» **DATA IN THIS EXERCISE**:
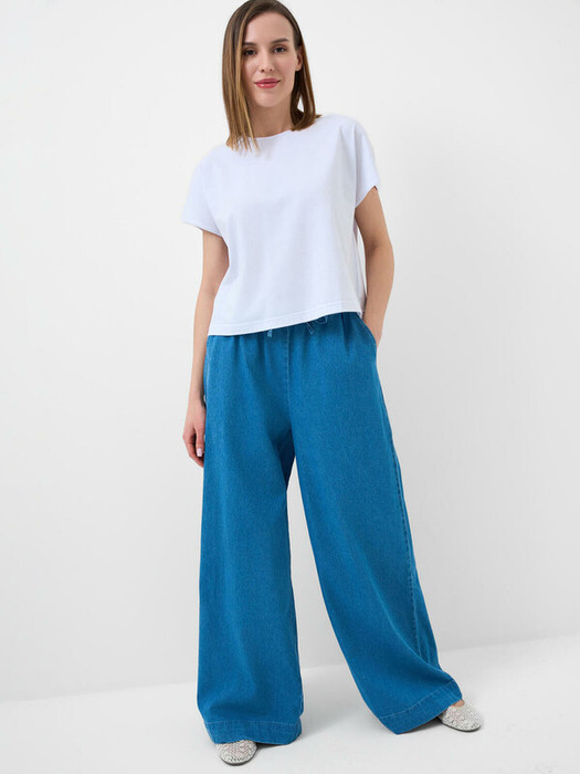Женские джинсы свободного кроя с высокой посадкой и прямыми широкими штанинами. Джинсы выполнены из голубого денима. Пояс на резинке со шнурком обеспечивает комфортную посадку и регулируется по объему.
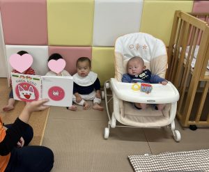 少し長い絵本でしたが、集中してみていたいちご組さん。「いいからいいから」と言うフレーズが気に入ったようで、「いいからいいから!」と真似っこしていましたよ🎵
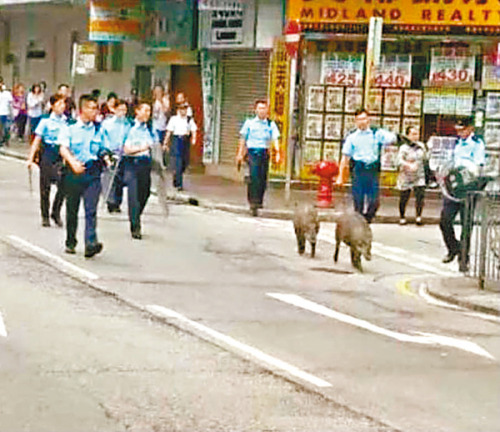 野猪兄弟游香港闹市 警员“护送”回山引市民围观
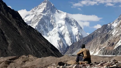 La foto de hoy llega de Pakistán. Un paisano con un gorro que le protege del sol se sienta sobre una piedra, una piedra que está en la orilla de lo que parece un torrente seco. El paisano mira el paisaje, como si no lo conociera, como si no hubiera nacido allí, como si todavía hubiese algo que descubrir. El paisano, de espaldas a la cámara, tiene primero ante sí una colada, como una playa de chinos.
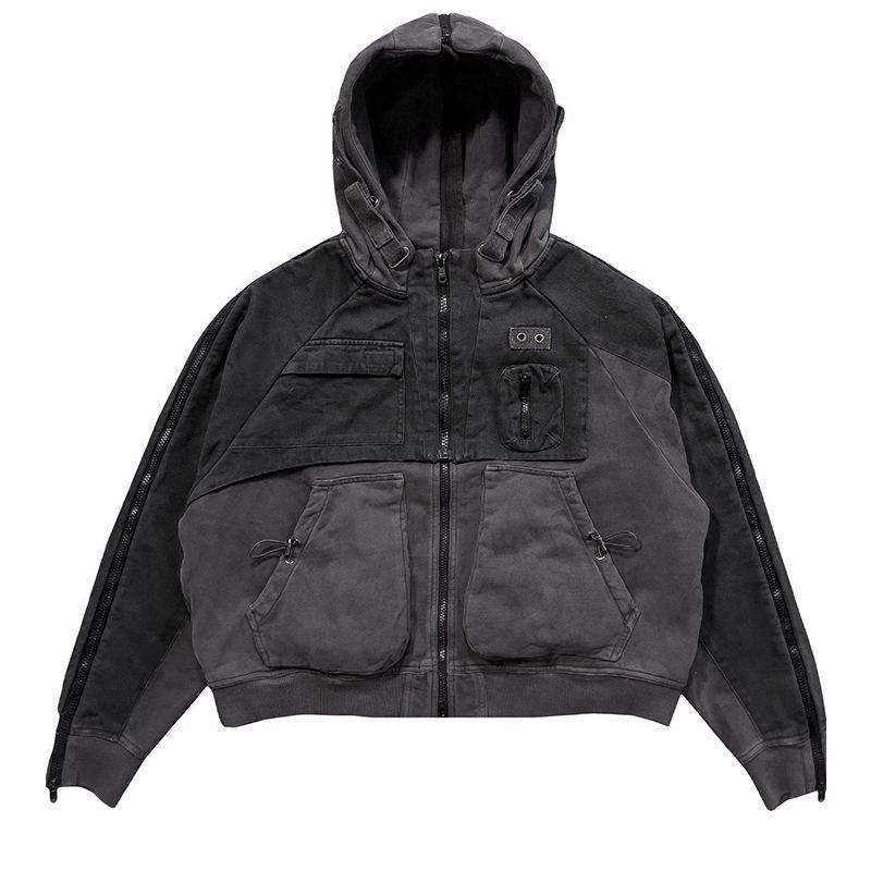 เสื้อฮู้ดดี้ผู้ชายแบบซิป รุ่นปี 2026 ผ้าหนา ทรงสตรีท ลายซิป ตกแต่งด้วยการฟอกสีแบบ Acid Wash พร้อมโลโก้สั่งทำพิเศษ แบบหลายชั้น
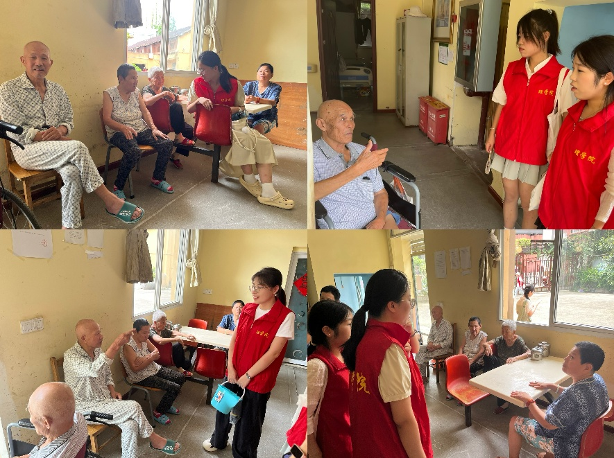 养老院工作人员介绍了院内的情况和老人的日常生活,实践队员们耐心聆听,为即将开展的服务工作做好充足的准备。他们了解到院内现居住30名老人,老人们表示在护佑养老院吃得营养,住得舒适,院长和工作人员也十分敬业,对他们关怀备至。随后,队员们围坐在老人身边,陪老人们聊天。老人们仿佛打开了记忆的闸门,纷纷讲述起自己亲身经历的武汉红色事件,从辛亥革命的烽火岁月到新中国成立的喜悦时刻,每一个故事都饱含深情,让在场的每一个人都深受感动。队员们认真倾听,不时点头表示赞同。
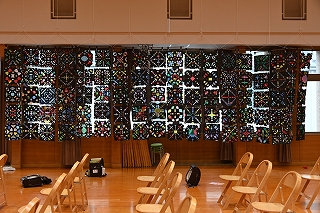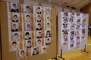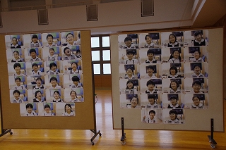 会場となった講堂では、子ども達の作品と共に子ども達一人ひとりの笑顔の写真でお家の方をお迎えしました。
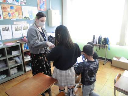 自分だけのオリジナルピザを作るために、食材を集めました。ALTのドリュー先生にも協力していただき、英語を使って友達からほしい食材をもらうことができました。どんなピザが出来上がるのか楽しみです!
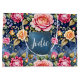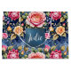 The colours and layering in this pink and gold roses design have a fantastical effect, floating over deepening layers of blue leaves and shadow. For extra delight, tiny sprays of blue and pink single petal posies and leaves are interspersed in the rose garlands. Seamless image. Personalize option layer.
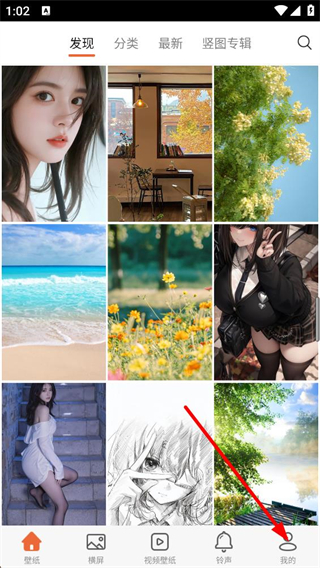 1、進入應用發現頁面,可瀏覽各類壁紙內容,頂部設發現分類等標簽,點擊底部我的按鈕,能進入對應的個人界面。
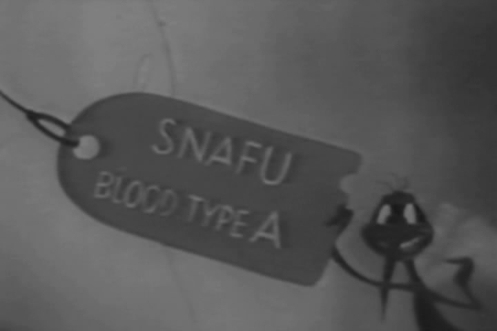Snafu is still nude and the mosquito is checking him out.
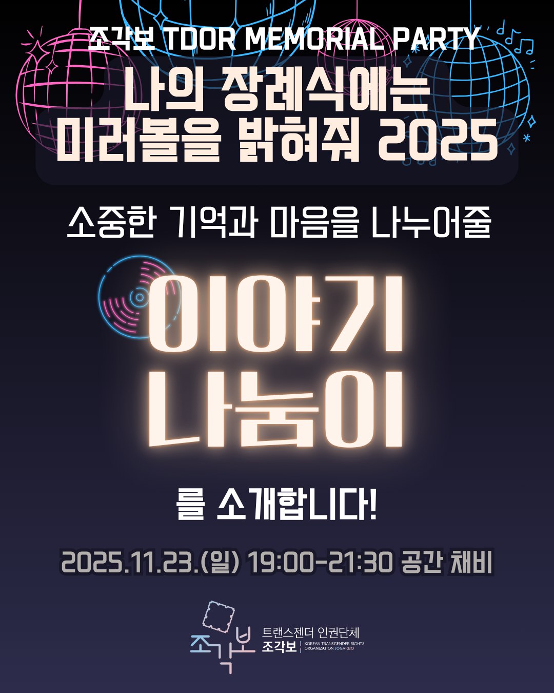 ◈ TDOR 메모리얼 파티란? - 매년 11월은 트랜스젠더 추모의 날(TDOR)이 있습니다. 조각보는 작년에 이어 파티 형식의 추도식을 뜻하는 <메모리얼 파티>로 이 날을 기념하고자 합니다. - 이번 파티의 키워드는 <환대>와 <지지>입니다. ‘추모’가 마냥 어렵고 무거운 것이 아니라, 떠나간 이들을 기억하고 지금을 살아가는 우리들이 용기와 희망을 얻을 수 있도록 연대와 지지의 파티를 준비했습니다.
...
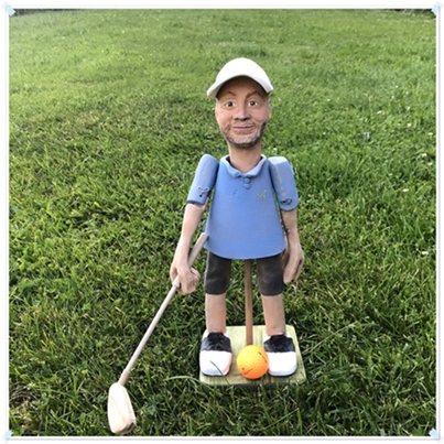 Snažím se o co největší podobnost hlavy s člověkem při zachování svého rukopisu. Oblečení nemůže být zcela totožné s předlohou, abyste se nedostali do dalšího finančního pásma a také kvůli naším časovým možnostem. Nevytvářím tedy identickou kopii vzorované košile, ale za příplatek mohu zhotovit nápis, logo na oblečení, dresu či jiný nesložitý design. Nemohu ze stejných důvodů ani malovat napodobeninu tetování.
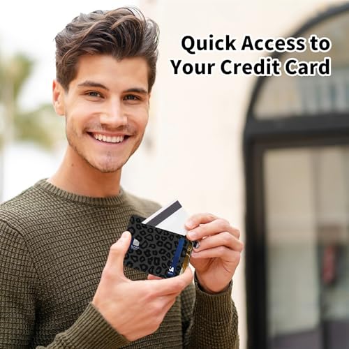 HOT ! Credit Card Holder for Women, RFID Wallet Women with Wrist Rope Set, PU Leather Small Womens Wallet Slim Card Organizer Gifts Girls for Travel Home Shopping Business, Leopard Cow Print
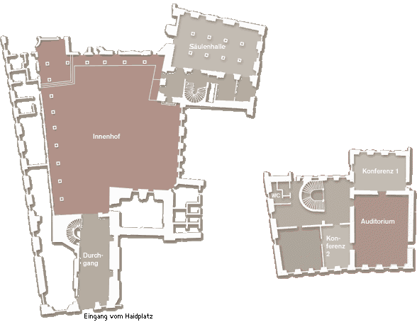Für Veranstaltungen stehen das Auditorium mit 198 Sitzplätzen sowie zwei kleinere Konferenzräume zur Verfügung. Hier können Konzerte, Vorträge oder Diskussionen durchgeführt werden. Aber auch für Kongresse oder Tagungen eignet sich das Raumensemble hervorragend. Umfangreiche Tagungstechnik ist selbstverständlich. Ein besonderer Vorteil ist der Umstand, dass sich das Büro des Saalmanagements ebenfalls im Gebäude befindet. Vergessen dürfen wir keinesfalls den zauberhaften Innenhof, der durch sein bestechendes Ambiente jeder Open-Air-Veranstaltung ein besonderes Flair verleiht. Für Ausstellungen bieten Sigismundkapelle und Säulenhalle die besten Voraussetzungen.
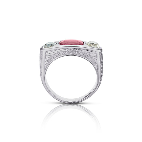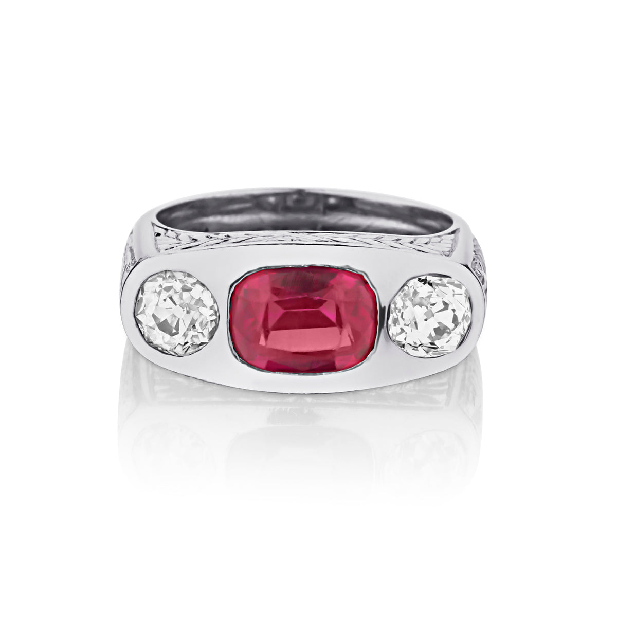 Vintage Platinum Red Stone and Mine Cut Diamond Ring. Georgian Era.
...
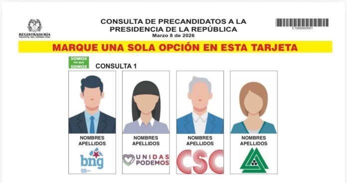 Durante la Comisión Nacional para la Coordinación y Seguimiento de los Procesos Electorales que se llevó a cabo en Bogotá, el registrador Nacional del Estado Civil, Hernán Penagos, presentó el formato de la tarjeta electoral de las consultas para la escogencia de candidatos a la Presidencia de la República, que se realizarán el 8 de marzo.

» **YOUR OBJECTIVE**: Only the lines above from the one with "Snažím se o" to the one with "HOT ! Credit" should be printed, both included and exactly as written; no picture belongs in the copy.

» **COMPLETED TASK**:
 Snažím se o co největší podobnost hlavy s člověkem při zachování svého rukopisu. Oblečení nemůže být zcela totožné s předlohou, abyste se nedostali do dalšího finančního pásma a také kvůli naším časovým možnostem. Nevytvářím tedy identickou kopii vzorované košile, ale za příplatek mohu zhotovit nápis, logo na oblečení, dresu či jiný nesložitý design. Nemohu ze stejných důvodů ani malovat napodobeninu tetování.
 HOT ! Credit Card Holder for Women, RFID Wallet Women with Wrist Rope Set, PU Leather Small Womens Wallet Slim Card Organizer Gifts Girls for Travel Home Shopping Business, Leopard Cow Print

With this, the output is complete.